> **Dataset entries**
++++++

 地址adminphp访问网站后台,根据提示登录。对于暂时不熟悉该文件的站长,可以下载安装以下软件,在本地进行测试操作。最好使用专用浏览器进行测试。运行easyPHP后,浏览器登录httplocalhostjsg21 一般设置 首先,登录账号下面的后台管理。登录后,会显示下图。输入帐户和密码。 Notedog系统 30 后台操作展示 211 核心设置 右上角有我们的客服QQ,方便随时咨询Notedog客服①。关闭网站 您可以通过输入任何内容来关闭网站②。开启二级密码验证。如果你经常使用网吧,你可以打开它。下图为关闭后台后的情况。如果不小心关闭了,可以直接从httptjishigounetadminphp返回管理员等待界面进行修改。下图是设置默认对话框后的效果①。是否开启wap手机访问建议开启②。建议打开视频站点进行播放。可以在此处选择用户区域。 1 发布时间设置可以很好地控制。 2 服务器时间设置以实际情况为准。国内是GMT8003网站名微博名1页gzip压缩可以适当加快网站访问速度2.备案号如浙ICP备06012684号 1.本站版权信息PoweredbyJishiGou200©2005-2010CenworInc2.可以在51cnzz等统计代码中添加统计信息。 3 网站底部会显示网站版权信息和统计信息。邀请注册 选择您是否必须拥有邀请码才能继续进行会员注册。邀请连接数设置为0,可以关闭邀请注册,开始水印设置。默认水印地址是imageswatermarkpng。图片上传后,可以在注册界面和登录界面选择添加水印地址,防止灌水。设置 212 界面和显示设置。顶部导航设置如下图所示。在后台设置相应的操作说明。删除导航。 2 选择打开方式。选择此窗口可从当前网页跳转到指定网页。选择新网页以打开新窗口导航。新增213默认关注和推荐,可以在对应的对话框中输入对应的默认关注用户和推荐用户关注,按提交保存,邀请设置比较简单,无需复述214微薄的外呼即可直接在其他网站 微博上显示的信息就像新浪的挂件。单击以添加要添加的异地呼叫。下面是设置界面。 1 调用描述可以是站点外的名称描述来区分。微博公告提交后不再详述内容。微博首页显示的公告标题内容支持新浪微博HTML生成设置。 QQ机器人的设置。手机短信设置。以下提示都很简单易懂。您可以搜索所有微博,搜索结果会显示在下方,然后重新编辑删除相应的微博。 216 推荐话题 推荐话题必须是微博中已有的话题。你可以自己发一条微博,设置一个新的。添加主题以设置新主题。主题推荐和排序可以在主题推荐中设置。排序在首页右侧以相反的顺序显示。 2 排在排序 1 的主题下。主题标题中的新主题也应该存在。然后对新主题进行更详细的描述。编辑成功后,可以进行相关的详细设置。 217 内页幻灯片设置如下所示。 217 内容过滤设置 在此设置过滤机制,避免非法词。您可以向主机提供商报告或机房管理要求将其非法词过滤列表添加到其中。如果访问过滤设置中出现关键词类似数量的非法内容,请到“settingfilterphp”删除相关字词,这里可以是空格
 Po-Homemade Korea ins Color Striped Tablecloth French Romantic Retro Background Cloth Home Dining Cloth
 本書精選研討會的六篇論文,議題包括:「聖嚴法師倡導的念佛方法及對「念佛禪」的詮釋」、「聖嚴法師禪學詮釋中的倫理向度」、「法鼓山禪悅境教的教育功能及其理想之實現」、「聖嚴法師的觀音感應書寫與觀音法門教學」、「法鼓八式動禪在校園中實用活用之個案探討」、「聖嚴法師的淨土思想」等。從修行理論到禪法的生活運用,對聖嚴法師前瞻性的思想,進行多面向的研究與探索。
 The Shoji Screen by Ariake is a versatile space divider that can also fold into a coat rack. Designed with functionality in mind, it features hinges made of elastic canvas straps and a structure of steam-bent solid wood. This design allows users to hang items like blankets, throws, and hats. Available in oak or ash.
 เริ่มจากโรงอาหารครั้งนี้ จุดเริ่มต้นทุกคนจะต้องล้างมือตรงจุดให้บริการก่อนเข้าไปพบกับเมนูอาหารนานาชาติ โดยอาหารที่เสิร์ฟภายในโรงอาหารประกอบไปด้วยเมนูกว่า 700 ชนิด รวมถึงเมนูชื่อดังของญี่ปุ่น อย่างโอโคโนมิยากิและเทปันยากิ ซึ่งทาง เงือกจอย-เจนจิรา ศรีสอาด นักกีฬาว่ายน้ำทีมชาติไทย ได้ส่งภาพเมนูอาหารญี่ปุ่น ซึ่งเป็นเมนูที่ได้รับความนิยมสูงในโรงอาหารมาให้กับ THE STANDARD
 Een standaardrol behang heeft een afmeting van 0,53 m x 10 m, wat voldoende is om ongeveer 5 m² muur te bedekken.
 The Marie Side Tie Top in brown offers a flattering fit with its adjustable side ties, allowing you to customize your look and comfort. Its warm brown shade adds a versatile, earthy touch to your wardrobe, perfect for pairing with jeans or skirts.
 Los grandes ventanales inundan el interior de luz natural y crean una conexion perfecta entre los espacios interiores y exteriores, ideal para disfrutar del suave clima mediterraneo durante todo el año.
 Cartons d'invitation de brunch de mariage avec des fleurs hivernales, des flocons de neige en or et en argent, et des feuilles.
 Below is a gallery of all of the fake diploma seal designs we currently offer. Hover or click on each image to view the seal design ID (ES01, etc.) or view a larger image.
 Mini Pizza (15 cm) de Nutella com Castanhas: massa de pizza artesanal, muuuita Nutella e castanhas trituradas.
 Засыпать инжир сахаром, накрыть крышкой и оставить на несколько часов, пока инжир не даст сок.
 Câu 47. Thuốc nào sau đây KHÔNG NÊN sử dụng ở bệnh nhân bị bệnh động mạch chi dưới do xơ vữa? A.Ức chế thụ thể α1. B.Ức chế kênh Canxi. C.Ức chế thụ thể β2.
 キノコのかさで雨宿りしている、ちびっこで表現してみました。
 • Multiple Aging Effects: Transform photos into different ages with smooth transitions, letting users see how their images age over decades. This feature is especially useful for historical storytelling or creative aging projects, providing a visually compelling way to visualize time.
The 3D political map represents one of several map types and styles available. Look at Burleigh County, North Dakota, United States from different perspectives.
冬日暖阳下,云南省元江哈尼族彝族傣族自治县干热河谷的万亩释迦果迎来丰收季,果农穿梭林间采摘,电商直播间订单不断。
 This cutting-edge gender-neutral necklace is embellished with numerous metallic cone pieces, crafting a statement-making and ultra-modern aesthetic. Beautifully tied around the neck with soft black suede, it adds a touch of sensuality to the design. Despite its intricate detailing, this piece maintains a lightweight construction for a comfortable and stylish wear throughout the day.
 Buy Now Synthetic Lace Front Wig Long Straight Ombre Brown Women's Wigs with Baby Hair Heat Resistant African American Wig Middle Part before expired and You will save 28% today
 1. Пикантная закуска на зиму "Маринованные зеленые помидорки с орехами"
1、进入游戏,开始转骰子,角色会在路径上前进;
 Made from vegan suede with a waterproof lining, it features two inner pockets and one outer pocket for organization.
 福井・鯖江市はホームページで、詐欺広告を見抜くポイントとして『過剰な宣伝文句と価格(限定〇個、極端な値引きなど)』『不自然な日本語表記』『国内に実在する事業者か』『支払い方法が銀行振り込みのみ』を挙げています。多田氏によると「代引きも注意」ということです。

++++++

> **Your instructions**
Please copy each line of the records above that holds the word "adds".

> **Task answer**
 The Marie Side Tie Top in brown offers a flattering fit with its adjustable side ties, allowing you to customize your look and comfort. Its warm brown shade adds a versatile, earthy touch to your wardrobe, perfect for pairing with jeans or skirts.
 This cutting-edge gender-neutral necklace is embellished with numerous metallic cone pieces, crafting a statement-making and ultra-modern aesthetic. Beautifully tied around the neck with soft black suede, it adds a touch of sensuality to the design. Despite its intricate detailing, this piece maintains a lightweight construction for a comfortable and stylish wear throughout the day.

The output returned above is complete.